▶ _Raw data_:
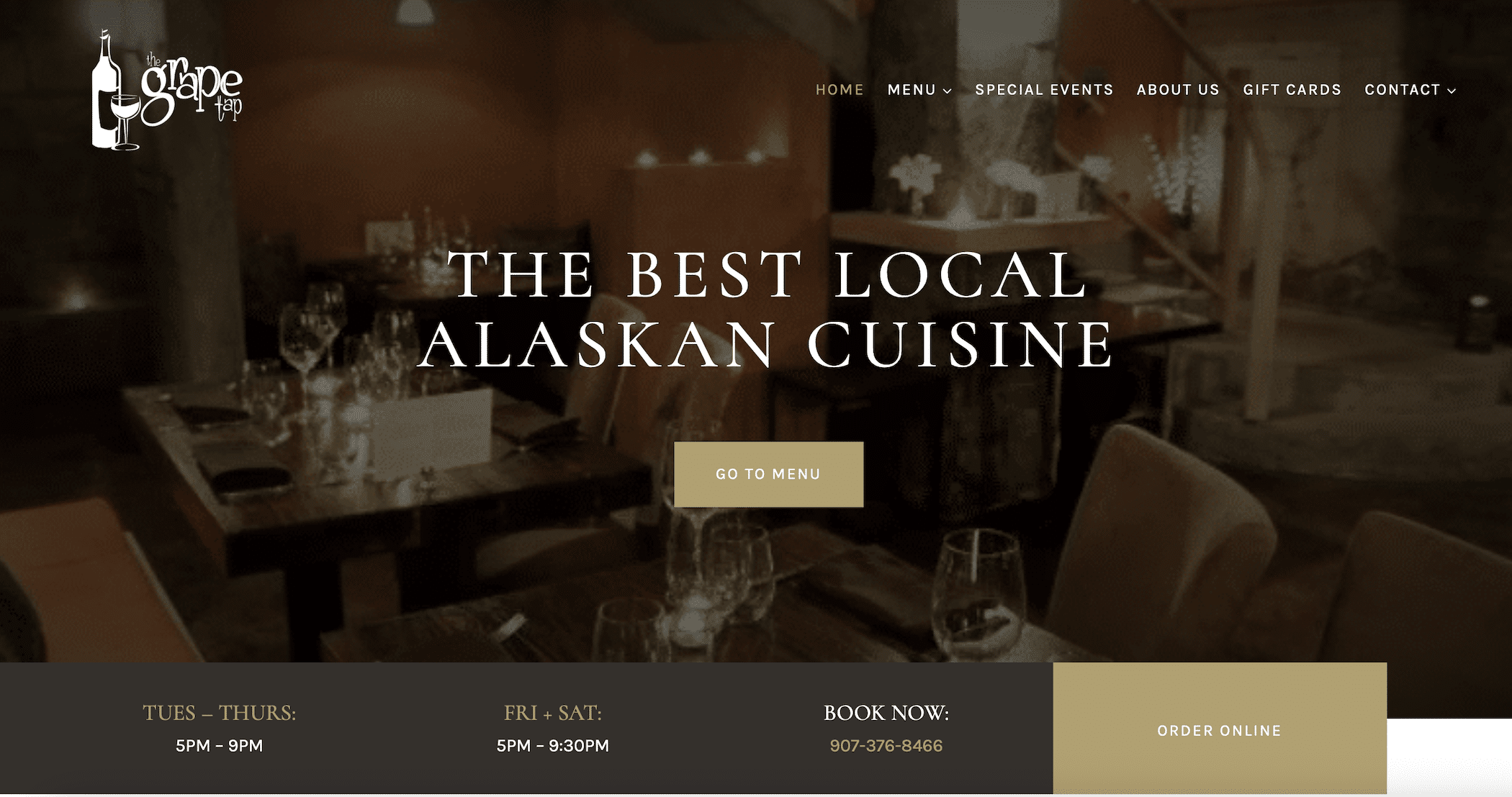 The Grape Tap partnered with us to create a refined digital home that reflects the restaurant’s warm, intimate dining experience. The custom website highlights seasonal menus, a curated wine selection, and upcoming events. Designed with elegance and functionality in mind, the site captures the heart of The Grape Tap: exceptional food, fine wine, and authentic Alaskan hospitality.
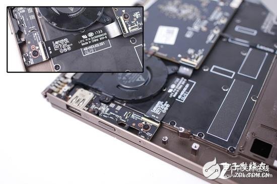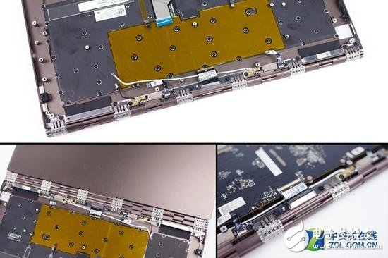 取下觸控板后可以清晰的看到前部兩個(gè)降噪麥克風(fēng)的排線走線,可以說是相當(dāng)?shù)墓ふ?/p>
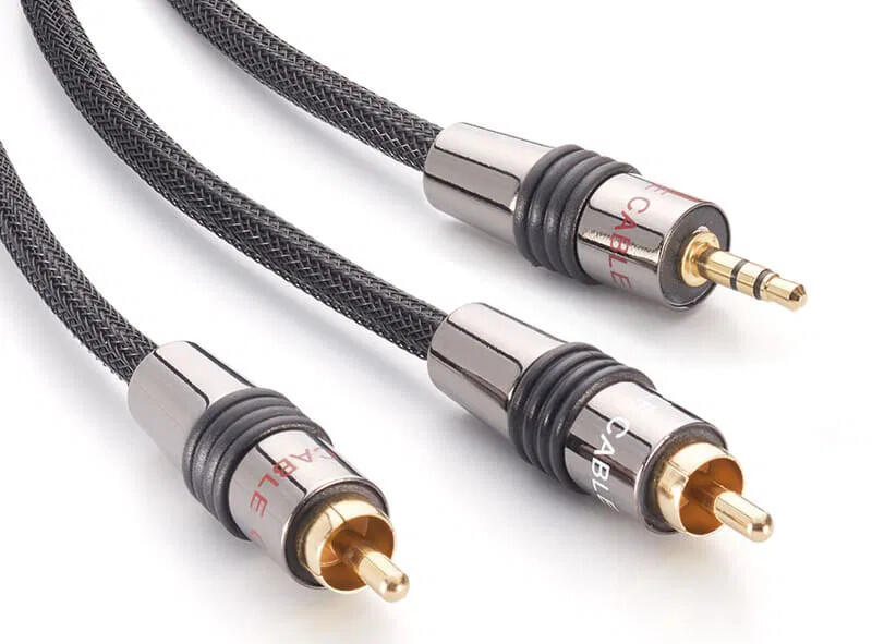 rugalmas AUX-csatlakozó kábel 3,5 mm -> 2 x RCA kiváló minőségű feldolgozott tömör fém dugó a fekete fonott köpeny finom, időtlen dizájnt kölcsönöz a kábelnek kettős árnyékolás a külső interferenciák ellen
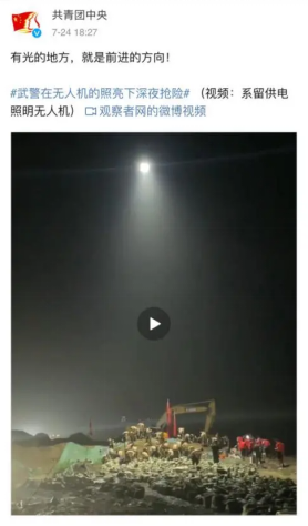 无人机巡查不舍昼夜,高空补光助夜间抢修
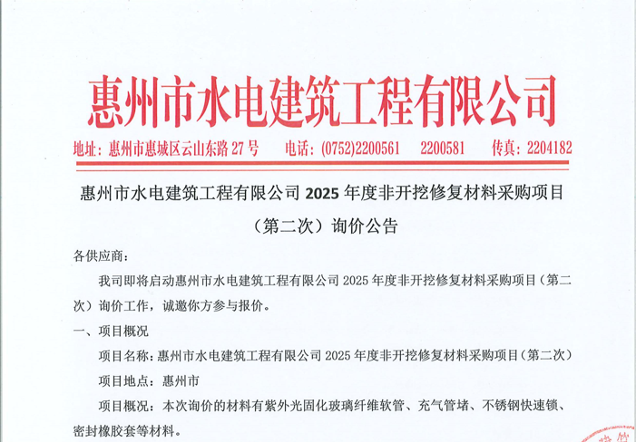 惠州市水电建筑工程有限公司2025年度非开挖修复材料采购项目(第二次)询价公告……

▶ _Task goal_: Make a word-for-word repeat of the material, skipping all pictures.

▶ _Expected output_:
 The Grape Tap partnered with us to create a refined digital home that reflects the restaurant’s warm, intimate dining experience. The custom website highlights seasonal menus, a curated wine selection, and upcoming events. Designed with elegance and functionality in mind, the site captures the heart of The Grape Tap: exceptional food, fine wine, and authentic Alaskan hospitality.
 取下觸控板后可以清晰的看到前部兩個(gè)降噪麥克風(fēng)的排線走線,可以說是相當(dāng)?shù)墓ふ?/p>
 rugalmas AUX-csatlakozó kábel 3,5 mm -> 2 x RCA kiváló minőségű feldolgozott tömör fém dugó a fekete fonott köpeny finom, időtlen dizájnt kölcsönöz a kábelnek kettős árnyékolás a külső interferenciák ellen
 无人机巡查不舍昼夜,高空补光助夜间抢修
 惠州市水电建筑工程有限公司2025年度非开挖修复材料采购项目(第二次)询价公告……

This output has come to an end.